EFDC+ MPI Multi-core Scaling Study
In 2020, DSI implemented MPI in EFDC+ to improve model run time. We created a detailed model of the Chesapeake Bay with one million computational cells to test this new functionality and demonstrated the outstanding improvement in performance. Since then, there have been an increasing number of users requesting information on how to take advantage of this capability. Cost-effective high-performance computing (HPC) is increasingly available, providing access to multiple cores and allowing significant time savings when running large models. This blog describes our latest testing and recommendations on machine configuration to obtain the best results with EFDC+.
EEMS was designed predominantly for the Windows operating systems (OS). This is because the pre- & post-processor, EFDC+ Explorer, requires the GUI available in Windows. However, HPC typically uses Linux operating systems, making it necessary to ensure EFDC+ performs as well on Linux as it does on Windows. Furthermore, EFDC+ is now fully open-source, and users are compiling EFDC+ for their own platforms and versions of Linux.

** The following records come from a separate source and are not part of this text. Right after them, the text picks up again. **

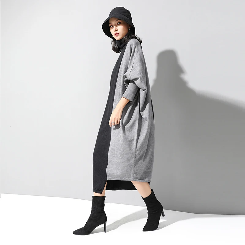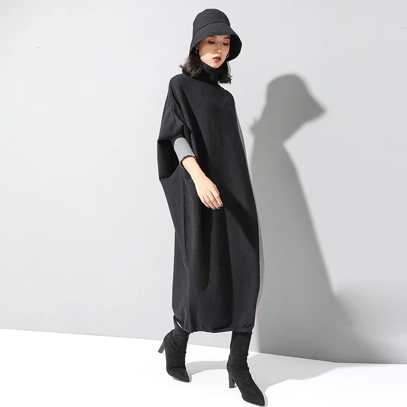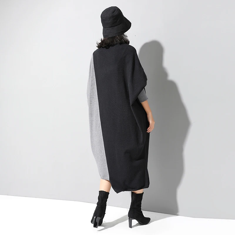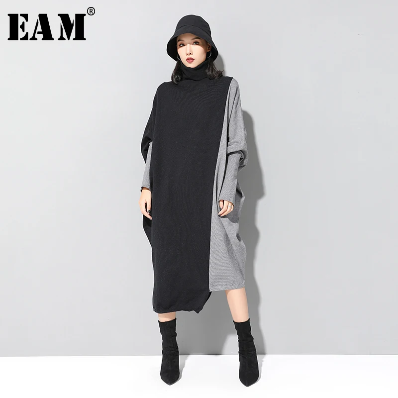 Special Offer [EAM] женское контрастное вязаное платье большого размера, новинка, длинный воротник, рукав летучая мышь, свободный крой, мода, весна осень 2020, ... Discount 33% Today!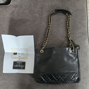 CHANEL Chain Tote Shoulder Crossbody Bag Lambskin Black Authentic with card and certificate of authenticity 100% guaranteed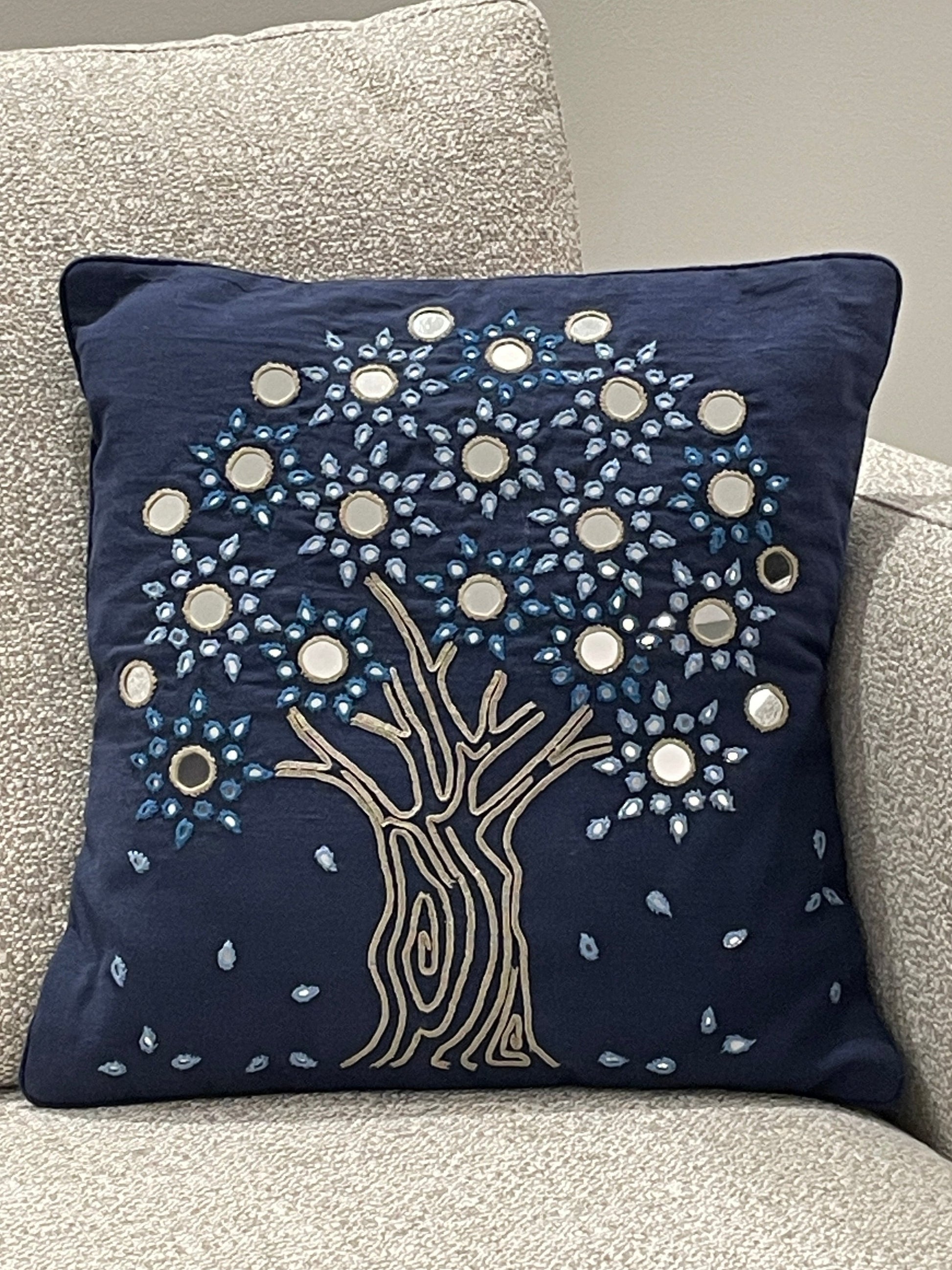 Add cultural elegance to your home with our handcrafted 'Tree of Life' cushion cover set, featuring traditional Rabari embroidery and mirror work from the Kachhi Rabari community in Gujarat. Made from eco-friendly Kala cotton, this unique piece supports the preservation of traditional crafts and empowers women artisans. Perfect for adding authenticity and warmth to any living space.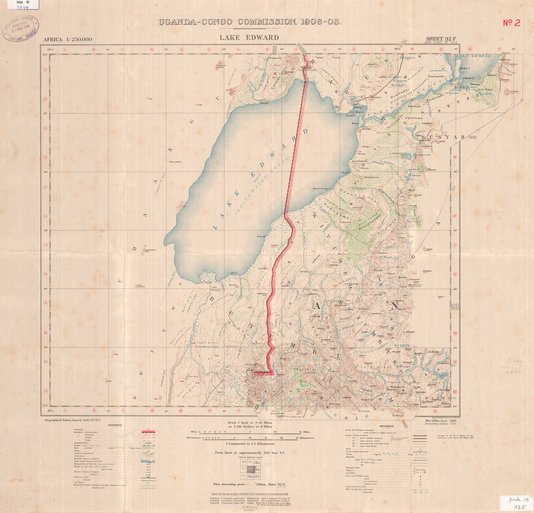 Title: Africa 1:250.000, Lake Edward - Scale: 250000 - Uganda-Congo Commission 1906-1908 - Sheet number/Numéro de feuille/Bladnummer: 92-F and part of 93-A

One of the primary motivations for this testing was to better understand how EFDC+ performs with scaling. To conduct this testing, we used a DSI 48-core machine and a cloud computing platform utilizing AWS. The findings in this blog should help users of EFDC+ better configure their model runs.
System Summary
We used two system configurations, DSI Milan-01 and AWS c6a, and compiled EFDC+ v11.1.0 with the Intel ifort v2021.4.0 compiler using the following options:
-traceback -qopenmp -O3 -real-size 64 -fpe0 -fp-model=source -fp-speculation=safe
The detailed specifications of the two systems are provided in Table 1 below.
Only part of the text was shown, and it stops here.